Shireen draws a circle in her courtyard. She then measures the circle’s circumference and its diameter with her measuring tape and records them as two integers, A and B respectively. She finds that A and B are coprimes, that is, their greatest common divisor is 1. She also finds their ratio, A : B, to be: 3.141614161416… (repeating endlessly).

What is A - B?

- (a)
21414

- (b)
7138

- (c)
21417

- (d)
21413

- (e)
15

Answer: Option B

**Explanation** :

We have

3.1416141614161416......

= 3 + 0.1416 + 0.00001416 + 0.000000001416.....

= 3 + $\frac{1416}{{10}^{4}}$ + $\frac{1416}{{10}^{8}}$ + $\frac{1416}{{10}^{12}}$ + ....

Now excluding 3 we get a series with infinite Geometric progression such that first term is $\frac{1416}{{10}^{4}}$ and common ratio is $\frac{1}{{10}^{4}}$

Therefore we get sum as $\frac{a}{1-r}$

= $\frac{{\displaystyle \frac{1416}{{10}^{4}}}}{1-{\displaystyle \frac{1}{{10}^{4}}}}$

we get sum as $\frac{1416}{{10}^{4}-1}$

= $\frac{1416}{9999}$

Now adding 3 we get value as :

$\frac{31413}{9999}$

Now adding 3 we get value A : B as :

$\frac{10471}{3333}$

So A - B will be = 7138

Hence, option (b).

Workspace:

**XAT 2022 QADI | Algebra - Progressions omet Question**

If both the sequences x, a1, a2, y and x, b1, b2, z are in A.P. and it is given that y > x and z < x, then which of the following values can $\left\{\frac{(a1-a2)}{(b1-b2)}\right\}$ possibly take?

- (a)
2

- (b)
5

- (c)
-3

- (d)
1

- (e)
0

Answer: Option C

**Explanation** :

The two given sequences in AP are:

x, a1, a2, y and x, b1, b2, z.

Additionally, it is given that : y > x and z < x.

Hence the common difference is not zero for both the series :

Since y > x the common difference is positive for the first series. (Considering the common difference to be d1)

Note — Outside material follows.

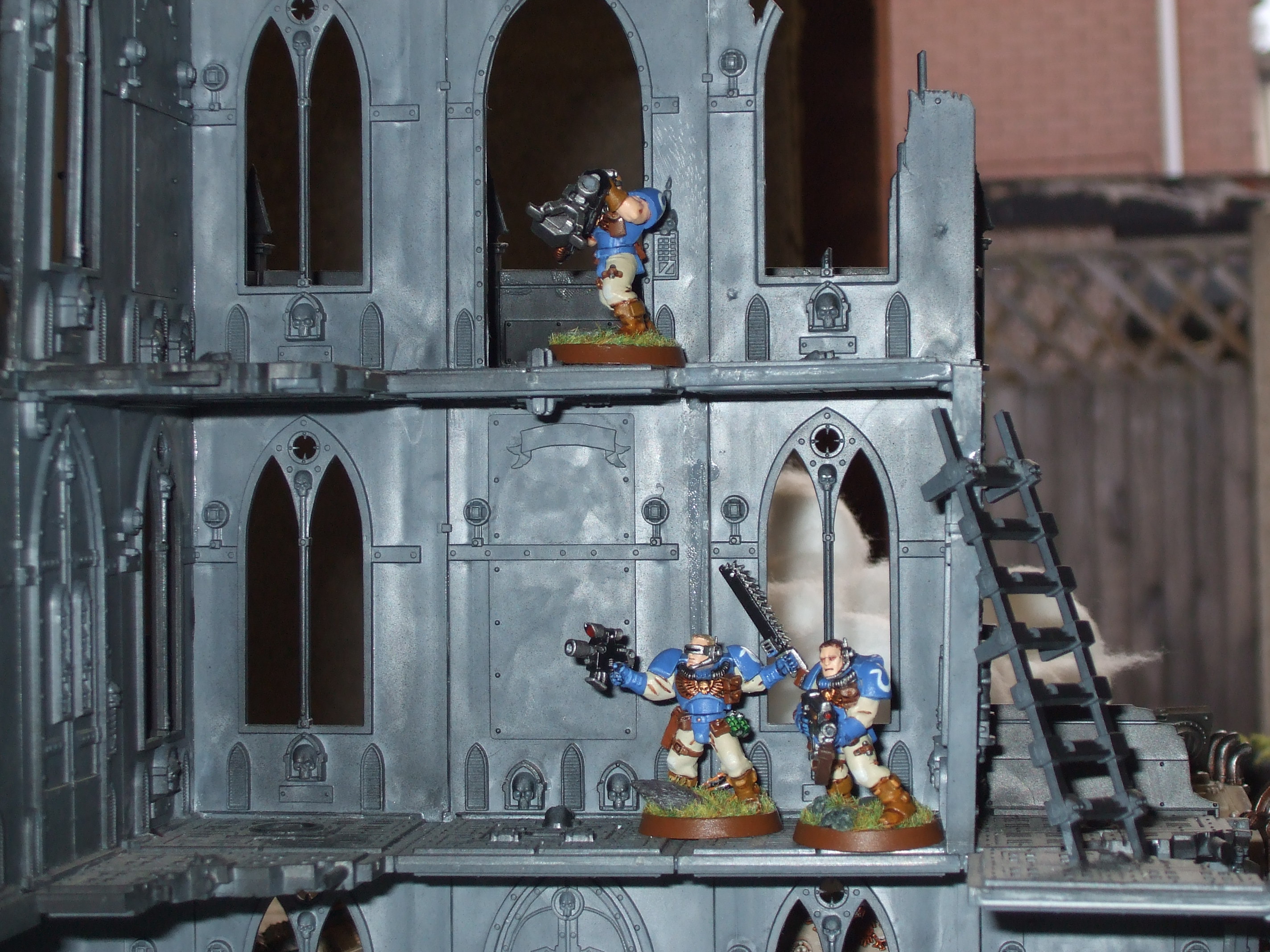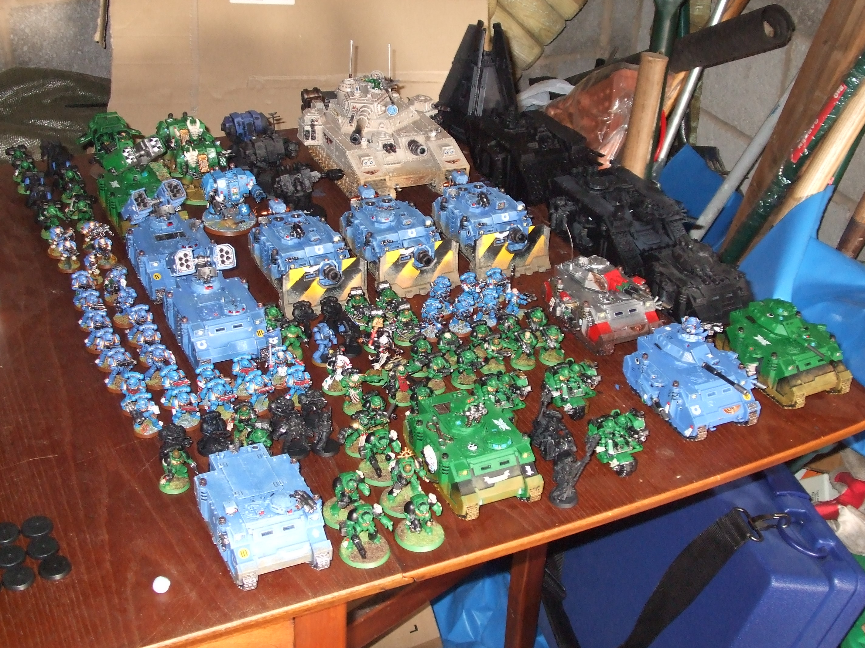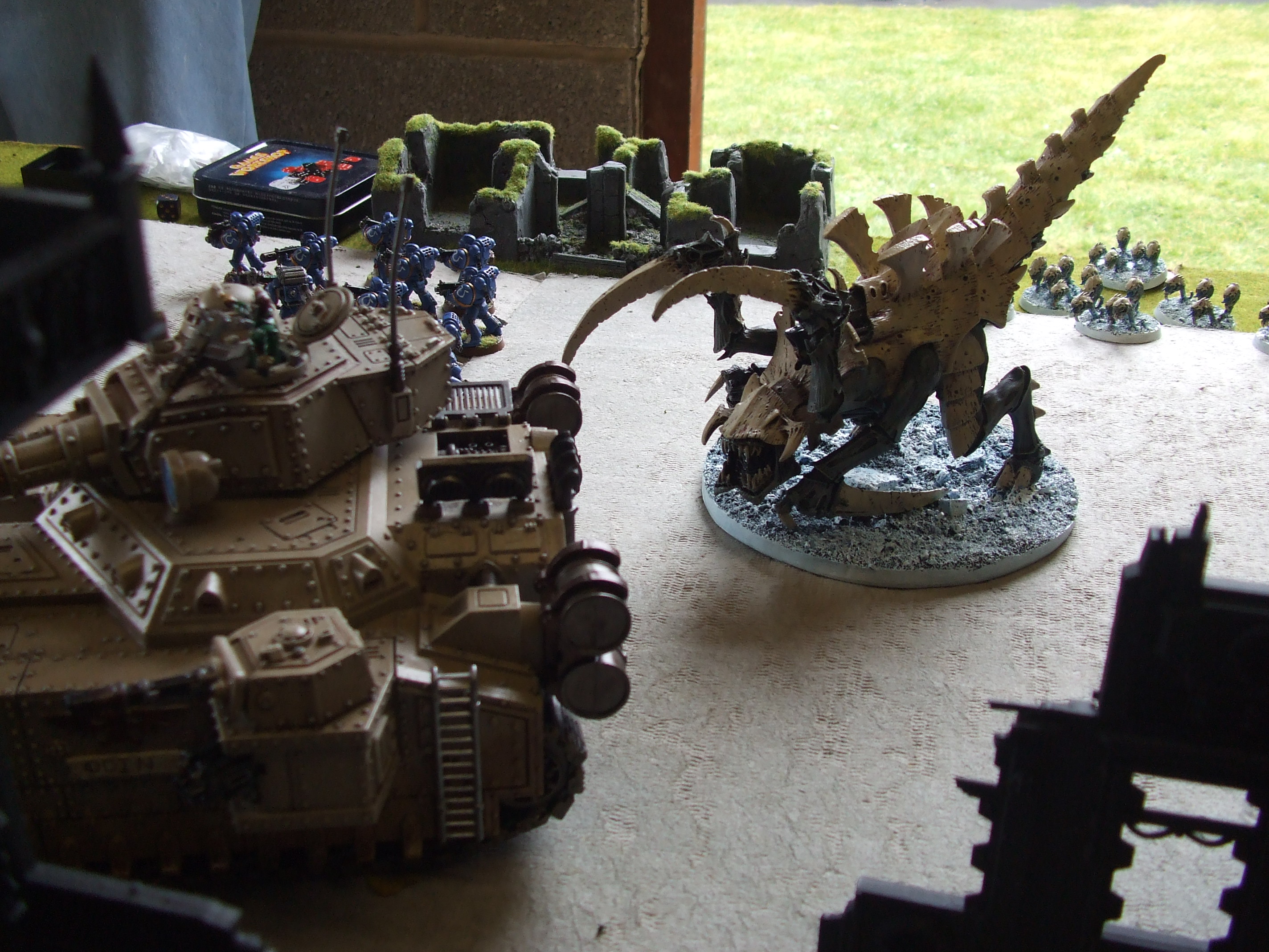 Ok, first off apologises that this is a regular thread and not an article in the battle reports format, but I'm not the best at internet stuff and I couldn't for the life of me work out how to do the uploading images 'things'. Kinda pathetic I know  , but it is past midnight as I write this (the only free time I get with a 6 month old son who's teething) so I don't have too long to fiddle about. So instead I've opted to cheat and post it as a regular thread. Recently I played a 6000 pt Apocalypse game with driverbob25 with a special scenario. I was using my Tyranids and driverbob25 was using Marines. The story behind the game was that the Imperium had detected that a dying Tyranid hive ship, the last surviving bio-ship from a splinter fleet designated Hive Fleet Nocturne, had crashed on a world called Thetis. Whilst it was still a threat they could not ignore the Imperium felt that a single, dying vessel offered an unparrelled opportunity to study the Tyranids. With a false sense of security the Imperium decided that before they destroy the Tyranids they would try to study them in what they belived to be as controlable a situation you could have with such lifeforms. A force of Ultramarines and Salamanders lead by Tigurius, the only psyker to ever have touched the hive mind on a psyhic level and therefore the best person to lead a study on such matters, arrived at Thetis with a contingent from the Magos Biologis in order to undertake field studies. Whilst the allied Space Marine fleet retained orbit in the shadow of the planets moon to avoid detection the Magos Biologis staff travelled to the surface to begin their work. The people of Thetis were kept in the dark that the Tyranids were even there, a deliberate deception by the Imperium who wanted to study the Tyranids in as natural a state as possible, which meant no reaction by the populace which would trigger the Tyranids into undue activity (such as chasing after fleeing prey). It is worth noting that Tigurius was against such matters, feeling that the best course of action was to evacuate as many as possible and then destroy every Tyranid organism on the planet. Over the course of several days the research team on the planet did indeed gain valuable data and samples from which the Imperium would be able to generate new means of combating the Tyranids, however (in typical sci-fi / horror movie style) the scientists badly miscalculated how long the window of safe operation was. Too engrossed in their studies on particular areas of the Tyranid biology they failed to notice the larger picture. With vast muscular contractions the hive ship spew forth thousands of tons of bio-matter into the atmosphere, a mix of spores, alien bacteria and mucas. On their scanners in the Magos Biologis research outpost it was as if a vast biological volcanoe had erupted. Unfortunately what goes up must come down and all too soon spore mines the size of Rhino APCs came crashing down over the planet for several hundred miles around the hive ship. It was at this point that communication to the planet was lost and Tigurius wasted no time in ordering the Space Marines into action. Upon arrival at the nearest landing site to the research post they found the area desolated by spore impacts, viscous fluids already begining to digest whatever life it came into contact with. It was only when finally on the ground that the Marines recieved short wave comm transmittion from a member of the research team. What was left of the team had taken refuge in the strongest building of the nearby town along with all the data they could salvage and a large group of civilians. But it was not just the bio-matter raining from the sky that had caused them to take hiding. In it's death throes the Hive ship birthed a vast horde of Tyranid creatures, from tiny rippers to massive carnifexes and larger, millions of organisms spewed forth and began to scour the planet in a vast wave of teeth and claws. It was imperative that the Imperium recover the data before it was lost in the advance of the Tyranids (as for the civilians, well... most 40K players are all too aware of the Imperium's take on collatoral damage). The Ultramarines and Salamanders began a rapid tranist to the survivors location, desperate to get there before the Tyranids. Ok so that was the story. In game terms I wanted to represent a central objective, but also add an element of tension as to who would claim it (aside from the usual fighting over it). What I came up with was this: Provided you had any models on the main objective (the largest ruined building we had) you picked a random marker. This represented your side rescuing (or eating) survivors, but as battle is always hectic and panic and crossfire make things less than straightforward you would not know immediately if you had rescued the right person (ie: the person with the data). At the end of the game the players turn over their markers claimed in battle and the one with the 'marked' counter counts as claiming the objective. But depending on how the battle played out this may have meant no one claimed any markers, so there were two back up objectives on the table and we each had secret personal objectives. Driverbob25 had set himself the goal of killing all three of my Hive Tyrants, severing the synapse connection to my forces. I had chosen to kill Tigurius, although I didn't realise he had been scaled down (stat line-wise) since the last codex. I was hoping to have the pleasure of taking on Sicarius, but driverbob25 had not built him yet so I had to make do with Tigger  . Rather then write a complete turn for turn account I thought I'd just give a brief account and add some highlight pics. The battle was complete swings and roundabouts with each side gaining the upper hand in their own turn. The Marines took the stronger lead at the start having deployed scouts on the main objective (getting markers from the get go) and some heavy armour (as can be seen in the pho

Similarly z < x the common difference is negative for the given series. (Considering the common difference to be d2)

Now for the given value:

$\frac{(a1-a2)}{(b1-b2)}$

The value of a1 - a2 is negative and b1 - b2 is positive.

Hence the value of $\frac{(a1-a2)}{(b1-b2)}$ takes a negative value.

The only possible option is -3.

The answer is option C.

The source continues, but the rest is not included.